O Ministério Público (MP) arquivou o caso e o Tribunal da Relação também não deu razão ao militar considerando que este perdera o controlo sobre o uso da imagem ao torná-la pública no Facebook. A questão sobre a reserva da intimidade da vida privada e da proteção dos dados pessoais no ciberespaço não é nova e quando chega à barra dos tribunais não reúne unanimidade jurisprudencial, com os magistrados a divergir quanto à interpretação sobre o direito à imagem.
Sem autorização
Vasco Brazão não gostou de ver os familiares associados ao assalto aos paióis e levou o caso a tribunal. Alegava, entre outras razões, que não tinham autorizado a divulgação da fotografia e que os familiares tinham ficado expostos à "curiosidade e maledicência públicas" numa altura em que o processo era mediático.
O MP não deu seguimento à queixa e arquivou o inquérito. No entanto, o major requereu a abertura da instrução, tendo a juíza entendido não imputar ao jornalista os crimes de que era acusado. Argumentou a magistrada que Brazão podia ter escolhido qualquer outra fotografia, mas que não o fez, optando por revelar no Facebook e de forma pública uma em que aparecem os filhos menores.
Inconformados, o major e a família interpuseram recurso, exigindo que o jornalista fosse então pronunciado pelo crime de gravações e fotografias ilícitas agravado. Consideraram que seria de presumir que "não autorizariam a divulgação" de uma fotografia familiar numa reportagem televisiva em que um dos membros surge associado a uma "atividade alegadamente criminosa e de grande impacto público".
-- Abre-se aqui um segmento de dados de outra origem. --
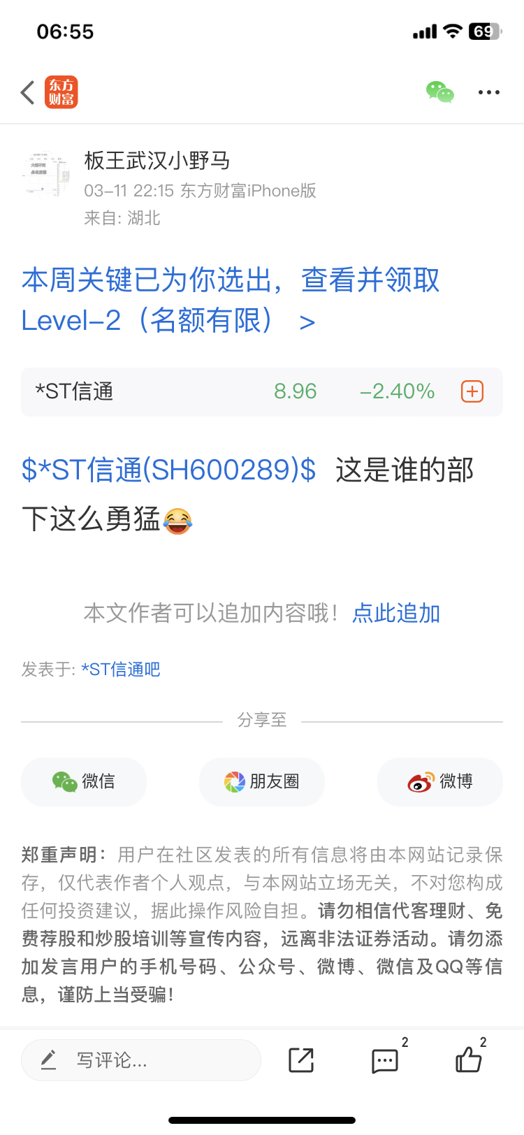 温馨提示: 1.根据《证券法》规定,禁止编造、传播虚假信息或者误导性信息,扰乱证券市场;2.用户在本社区发表的所有资料、言论等仅代表个人观点,与本网站立场无关,不对您构成任何投资建议。用户应基于自己的独立判断,自行决定证券投资并承担相应风险。《东方财富社区管理规定》

No entanto, as desembargadoras consideraram o mesmo improcedente. No acórdão, de 8 de fevereiro, as juízas Maria Margarida Almeida e Maria da Graça Santos Silva afirmam que o dever de um pai é proteger a imagem dos filhos em termos públicos. "Sucede, todavia, que não foi esse o caminho tomado", notam. As magistradas defenderam ainda que a utilização de uma fotografia, desde que lícita, não é proibida por lei: "Ao torná-la acessível ao público em geral, o dono da imagem perde o controlo sobre o seu uso e não se pode opor à sua divulgação, desde que os fins que presidem à mesma não se mostrem ilícitos ou ilegítimos".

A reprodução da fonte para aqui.